Una generación de enfoque de función de trabajo.
El ejemplo primero y luego generalizar.
2x_1+3x_2+5x_3=100
Vamos
A(z) = 1 + z^2 + z^4 + \dots + z^{2k} + \dots = \frac1{1 - z^2}
B(z) = 1 + z^3 + z^6 + \dots + z^{3k} + \dots = \frac1{1 - z^3}
C(z) = 1 + z^5 + z^{10} + \dots + z^{5k} + \dots = \frac1{1 - z^5}
F(z) = A(z)B(z)C(z) = \sum_{k=0}^{\infty} c_k z^k
c_n equals the number of ways the three terms can add up to n.
Note all the poles of F(z) are roots of unity.
We can choose an integration contour inside of these roots.
Using the residue theorem:
c_n = \frac1{2\pi i} \oint \frac{F(z)}{z^{n+1}} dz
Where the contour is around z = 0 and inside |z| = 1
n = 100 is too large for octave. Some math package capable of large floating point numbers would be required.
But n = 10 can be demonstrated.
octave code:
function r = F(z) r = (1 - z.^2).*(1-z.^3).*(1-z.^5); r = 1./r; end
[q err] = quadgk (@(z)F(z)./z.^11, (1+1i)/4, (1+1i)/4,
"WayPoints",[(-1+1i)/4,(-1-1i)/4,(1-1i)/4]) q/(2*pi*i)

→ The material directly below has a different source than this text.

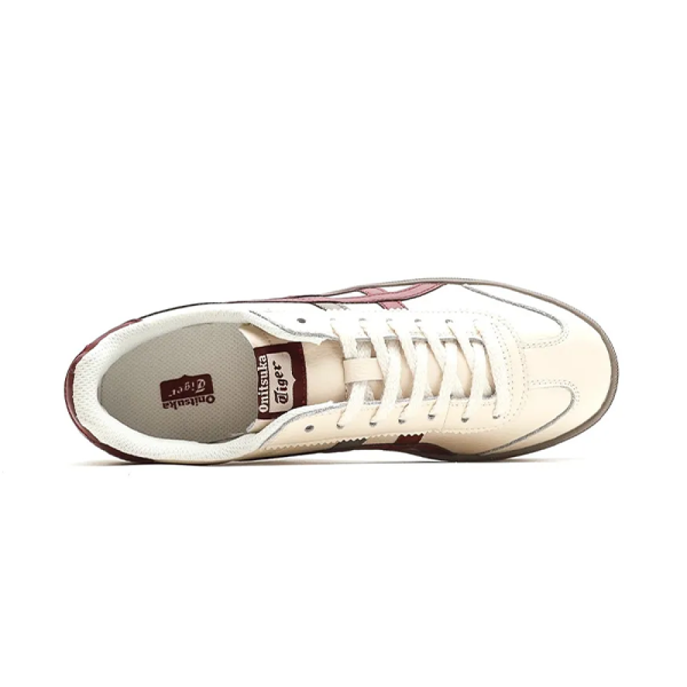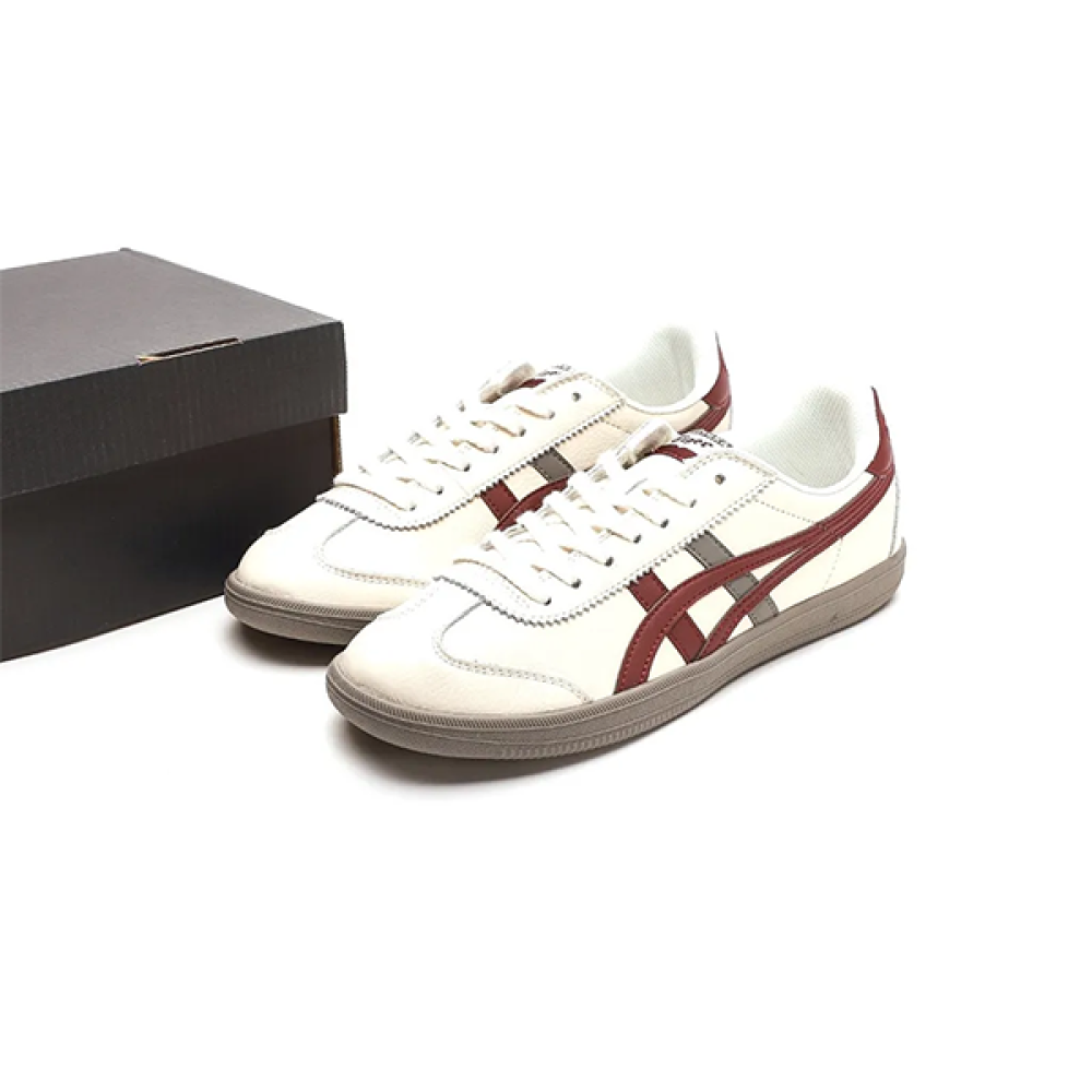 Add a touch of class to your look with the Eskies Onitsuka Tiger Tokoten sneakers in white with bold burgundy accents. These shoes embody modern design and excellent performance, making them an ideal choice for both everyday looks and sporty activities.

ans = 4.0000e+000 + 1.4765e-011i
Manually checking for n = 10
2.5
2.2 + 3.2
2.1 + 3.1 + 5.1
5.2
There are 4 answers.
Addendum
In Maxima
taylor(1/((1-z^2)*(1-z^3)*(1-z^5)),z,0,100);
184\,z^{100}+180\,z^{99}+177\,z^{98}+173\,z^{97}+170\,z^{96}+167\,z
^{95}+163\,z^{94}+160\,z^{93}+157\,z^{92}+153\,z^{91}+151\,z^{90}+
147\,z^{89}+144\,z^{88}+141\,z^{87}+138\,z^{86}+135\,z^{85}+132\,z^{
84}+129\,z^{83}+126\,z^{82}+123\,z^{81}+121\,z^{80}+117\,z^{79}+115
\,z^{78}+112\,z^{77}+109\,z^{76}+107\,z^{75}+104\,z^{74}+101\,z^{73}
+99\,z^{72}+96\,z^{71}+94\,z^{70}+91\,z^{69}+89\,z^{68}+86\,z^{67}+
84\,z^{66}+82\,z^{65}+79\,z^{64}+77\,z^{63}+75\,z^{62}+72\,z^{61}+71
\,z^{60}+68\,z^{59}+66\,z^{58}+64\,z^{57}+62\,z^{56}+60\,z^{55}+58\,
z^{54}+56\,z^{53}+54\,z^{52}+52\,z^{51}+51\,z^{50}+48\,z^{49}+47\,z
^{48}+45\,z^{47}+43\,z^{46}+42\,z^{45}+40\,z^{44}+38\,z^{43}+37\,z^{
42}+35\,z^{41}+34\,z^{40}+32\,z^{39}+31\,z^{38}+29\,z^{37}+28\,z^{36
}+27\,z^{35}+25\,z^{34}+24\,z^{33}+23\,z^{32}+21\,z^{31}+21\,z^{30}+
19\,z^{29}+18\,z^{28}+17\,z^{27}+16\,z^{26}+15\,z^{25}+14\,z^{24}+13
\,z^{23}+12\,z^{22}+11\,z^{21}+11\,z^{20}+9\,z^{19}+9\,z^{18}+8\,z^{
17}+7\,z^{16}+7\,z^{15}+6\,z^{14}+5\,z^{13}+5\,z^{12}+4\,z^{11}+4\,z
^{10}+3\,z^9+3\,z^8+2\,z^7+2\,z^6+2\,z^5+z^4+z^3+z^2+1+\cdots
I don't know exactly how maxima does the Taylor series expansion but it is fast?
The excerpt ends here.